Friday, June 06, 2008

Is Pure Theory "Wasteful"?

Daniel Lemire has a post on his blog entitled "Why Pure Theory Is Wasteful".

I encourage people from here, if they are so inclined, to comment at his blog...

12 comments:

Anonymous said...

I actually kind of agree with him.

Anonymous said...

Too many people out there are always ready to be judgemental of others work.

Pure theory is great by itself. It solves problems with some new models/ideas and some implement systems with approximations of the theory, only to find out more problems. This is the way science advances. It is possible some of it never leads to practical implementations, but it may be having a second order effect - inspiring work which lead to better systems. Such work cannot be considered wasteful.

At the end, just let be good free citizens of the world and allow others to do what they want. If the systems people dont want to learn new theory, no one is forcing them. Why keep passing judgements on styles of work. Its just frustration.

Nuf said, now go back to more theory!

Anonymous said...

I thought for a moment that he was referring to theoretical computer science as pure theory.

Indeed, in software engineering, machine learning, etc. I actually see a lack of sufficient theory before they can be successfully applied.

Daniel Lemire said...

Come on! What is this? You have 3 anonymous comments in a row. I must be more powerful than I thought.

Anonymous said...

Folks, it's called a polemic; controversy for its own sake. Please let's not encourage this kind of behavior.

Anonymous said...

Ok, I'll play the devil's advocate here. When was the last time a complexity theory paper(mind you, not algorithms, not theory) led to a big impact? (And by impact, I mean impact outside theory).

Anonymous said...

Here's a recent example. The Valiant-Vazirani lemma (a complexity result from the 1980's) has been applied (with some engineering modifications) to get radically faster methods for counting the number of models in Boolean formulas. This has had impact in AI. See the recent work by Gomes, Selman, and others.

Anonymous said...

I don't understand why the author of this blog feels that finding an algorithm with a better competitive ratio is "bad theory."

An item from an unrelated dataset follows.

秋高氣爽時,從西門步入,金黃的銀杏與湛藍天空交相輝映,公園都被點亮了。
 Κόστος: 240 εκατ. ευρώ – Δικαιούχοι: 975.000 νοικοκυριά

Michael Mitzenmacher said...

Hi anonymous #8. Perhaps you just haven't been reading my blog long enough. Take a look at this diatribe from February:

http://mybiasedcoin.blogspot.com/2008/02/conference-reviewing-another-rant-on.html

In regard to the specific issue of "better competitive ratio", I feel that a paper that improves things by showing a 4-competitive algorithm for a problem where there was previously a 5-competitive algorithm, when there's not much of a point to either algorithm according to the criteria of my post above, is fundamentally pretty uninteresting, and hence "bad theory".

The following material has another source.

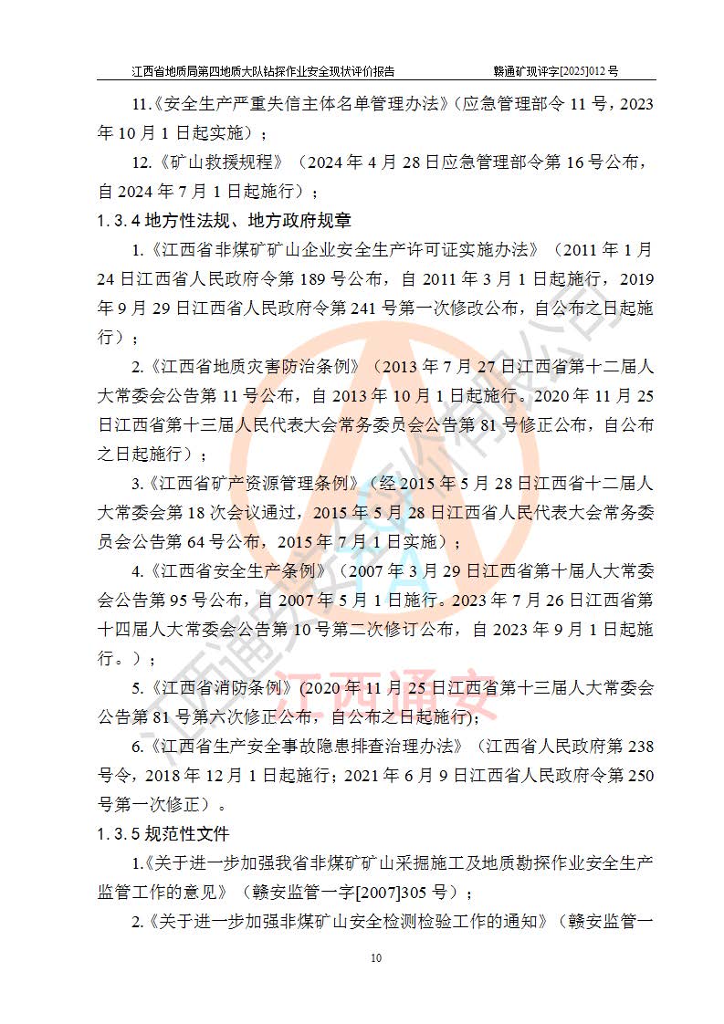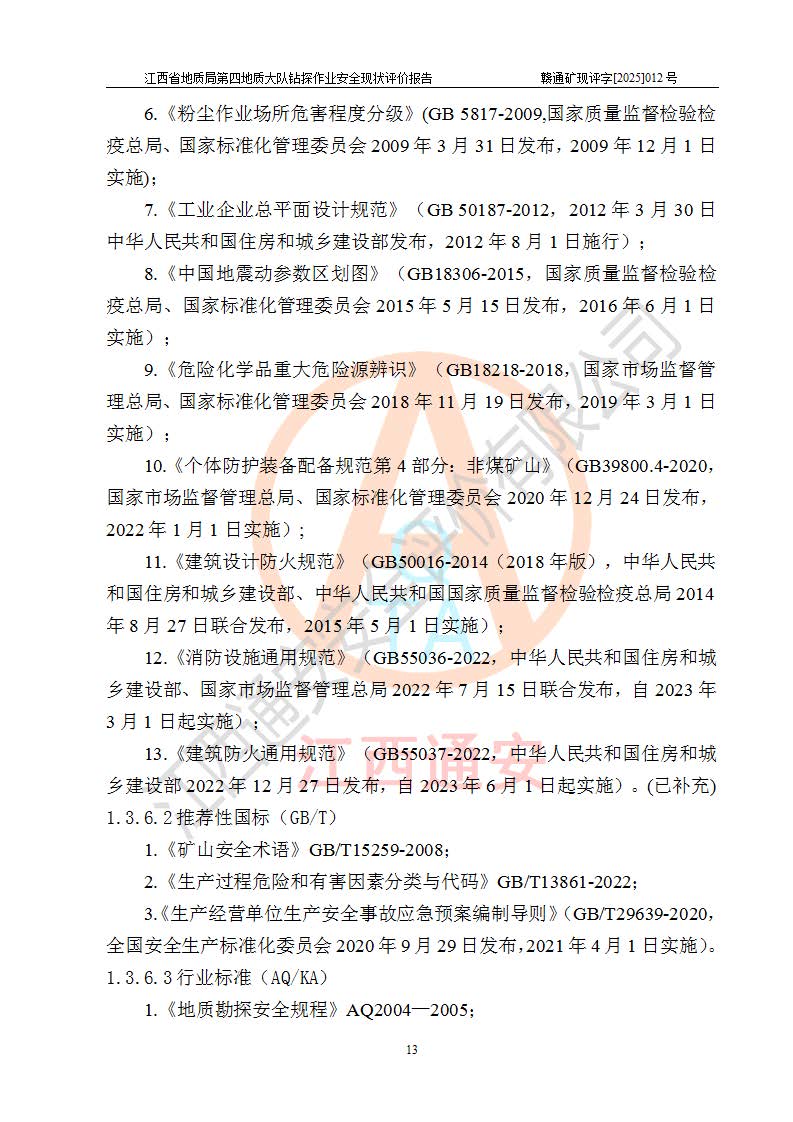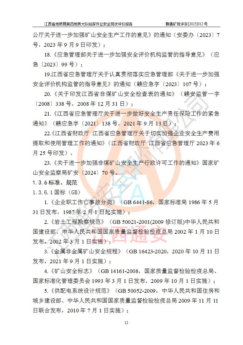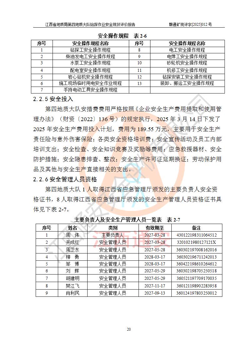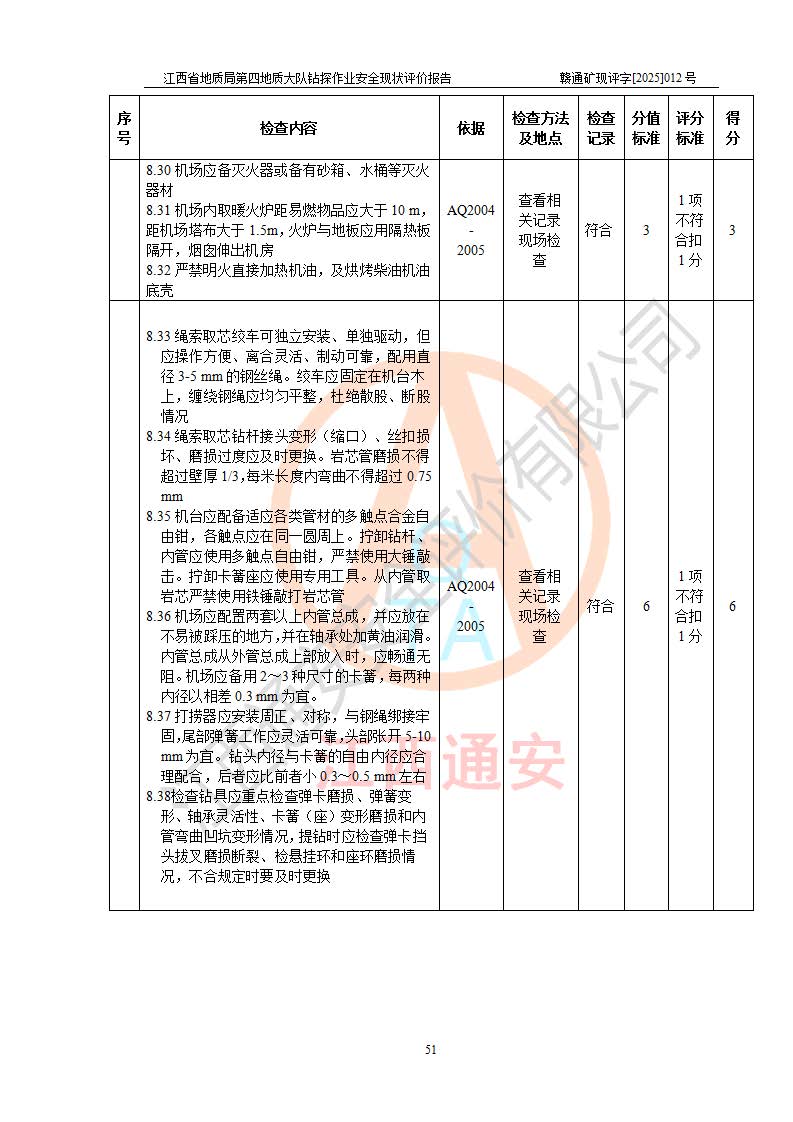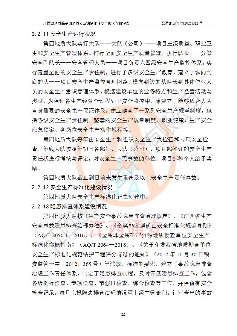 報(bào)告名稱 | 江西省地質(zhì)局第四地質(zhì)大隊(duì)地質(zhì)鉆探作業(yè)安全現(xiàn)狀評(píng)價(jià)報(bào)告 | |||||

Michael Mitzenmacher said...

If that link didn't come out right, it was
here , hopefully.

Anonymous said...

Constant factor improvements in competitive ratio can be significant in the real world. Theory folks have not woken up to it yet. It is ironic (?) that a theory technique that is somewhat practically relevant is being labeled as useless by theory folks.

Anonymous said...

I'm not with the Daniel's views. How would you decide whether a research is useful or not ? I think research is research whether it is pure theory or non-theory.
Research that is not useful now may find applications in next 50 years and may not find even. It is just outof curiosity.

And if not useful, it atleast profiles what has been thought of.

The question of testing research against practical applications is a different one. Not every research is meant for that. I don't recall exactly but some lectures of Clay institute, I think by Timothy Gowers would clarify more.